A template init-db.sh is hosted here. Prior to using it, be sure to:

Modify L5 to match the name of your tar.gz archive you made from the previous step
Modify any column headers or other information if your bootstrap script generated data outside the existing table bounds or definitions

Note: Current table setup for any varchar() definitions is to the .max() of any single column to keep table memory footprint to an absolute minimum.

Creating Postgres Docker Image

At this point, you should have:

A tar.gz archive hosted on github with a public raw link
An updated dockerfile to create your postgres docker image
An updated init-db.sh for your postgres image startup stript

From your local machine, and in the same directory location as your dockerfile, run the following:

docker build -t <your_docker_namespace>/<your_docker_repo>:<your_docker_tag>

For example, this may be:

docker build -t godreau/test:v1

Your docker image should build locally.

Test the Docker Image Locally

Run the docker image locally by running:

docker run -it --rm <your_docker_namespace>/<your_docker_repo>:<your_docker_tag>

For example, this may be:

docker run -it godreau/test:v1

You should see an output similar to the following:

The files belonging to this database system will be owned by user "postgres".
This user must also own the server process.

The database cluster will be initialized with locale "en_US.utf8".
The default database encoding has accordingly been set to "UTF8".
The default text search configuration will be set to "english".

Data page checksums are disabled.

fixing permissions on existing directory /var/lib/postgresql/data ... ok
creating subdirectories ... ok
selecting dynamic shared memory implementation ... posix
selecting default max_connections ... 100
selecting default shared_buffers ... 128MB
selecting default time zone ... Etc/UTC
creating configuration files ... ok
running bootstrap script ... ok
performing post-bootstrap initialization ... ok
syncing data to disk ... ok

...

/usr/local/bin/docker-entrypoint.sh: running
/docker-entrypoint-initdb.d/init-db.sh
customers.csv
orders.csv
products.csv
regions.csv
returns.csv
Creating customers table...
CREATE TABLE
Populating customers table...
COPY 1590
Creating orders table...
CREATE TABLE
Populating orders table...
COPY 1000000
Creating products table...
CREATE TABLE
Populating products table...
COPY 10292
Creating regions table...
CREATE TABLE
Populating regions table...
COPY 3819
Creating returns table...
CREATE TABLE
Populating returns table...
COPY 49725

waiting for server to shut down....2020-03-02 15:42:15.448 UTC [47] LOG:
received fast shutdown request
2020-03-02 15:42:15.450 UTC [47] LOG:  aborting any active transactions
2020-03-02 15:42:15.451 UTC [47] LOG:  background worker "logical replication
launcher" (PID 54) exited with exit code 1
2020-03-02 15:42:15.452 UTC [49] LOG:  shutting down
2020-03-02 15:42:15.663 UTC [47] LOG:  database system is shut down
 done
 server stopped

 PostgreSQL init process complete; ready for start up.

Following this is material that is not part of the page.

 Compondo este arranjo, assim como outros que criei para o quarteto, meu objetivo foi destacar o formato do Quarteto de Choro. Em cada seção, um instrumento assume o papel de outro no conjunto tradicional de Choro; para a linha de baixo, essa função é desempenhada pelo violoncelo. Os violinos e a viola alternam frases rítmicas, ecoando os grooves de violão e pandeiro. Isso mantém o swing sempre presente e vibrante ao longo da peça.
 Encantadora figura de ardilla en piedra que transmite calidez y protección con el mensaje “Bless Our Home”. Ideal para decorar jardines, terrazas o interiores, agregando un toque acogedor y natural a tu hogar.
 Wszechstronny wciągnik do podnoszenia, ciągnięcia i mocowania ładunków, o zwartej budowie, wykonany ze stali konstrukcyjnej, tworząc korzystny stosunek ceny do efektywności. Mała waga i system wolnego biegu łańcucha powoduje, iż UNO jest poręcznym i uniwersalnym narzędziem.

 2020-03-02 15:42:15.772 UTC [1] LOG:  starting PostgreSQL 12.2 (Debian
 12.2-2.pgdg100+1) on x86_64-pc-linux-gnu, compiled by gcc (Debian 8.3.0-6)
 8.3.0, 64-bit
 2020-03-02 15:42:15.772 UTC [1] LOG:  listening on IPv4 address "0.0.0.0",
 port 5432
 2020-03-02 15:42:15.772 UTC [1] LOG:  listening on IPv6 address "::", port
 5432
 2020-03-02 15:42:15.776 UTC [1] LOG:  listening on Unix socket
 "/var/run/postgresql/.s.PGSQL.5432"
 2020-03-02 15:42:15.793 UTC [149] LOG:  database system was shut down at
 2020-03-02 15:42:15 UTC
 2020-03-02 15:42:15.798 UTC [1] LOG:  database system is ready to accept
 connections

The last line should say that the database system is ready to accept connections. Note that you will have a server stopped message during the startup, this is normal.

Stop the running container with CTRL+C.

Push to Docker Hub

Push your built image to docker hub:

docker push <your_docker_namespace>/<your_docker_repo>:<your_docker_tag>

For example:

docker push godreau/test:v1

Modify Stack Configuration Script

There is one final script that PWD uses, stack.yaml. This file is used to tell PWD which docker images to pull in, as well as any port configuration.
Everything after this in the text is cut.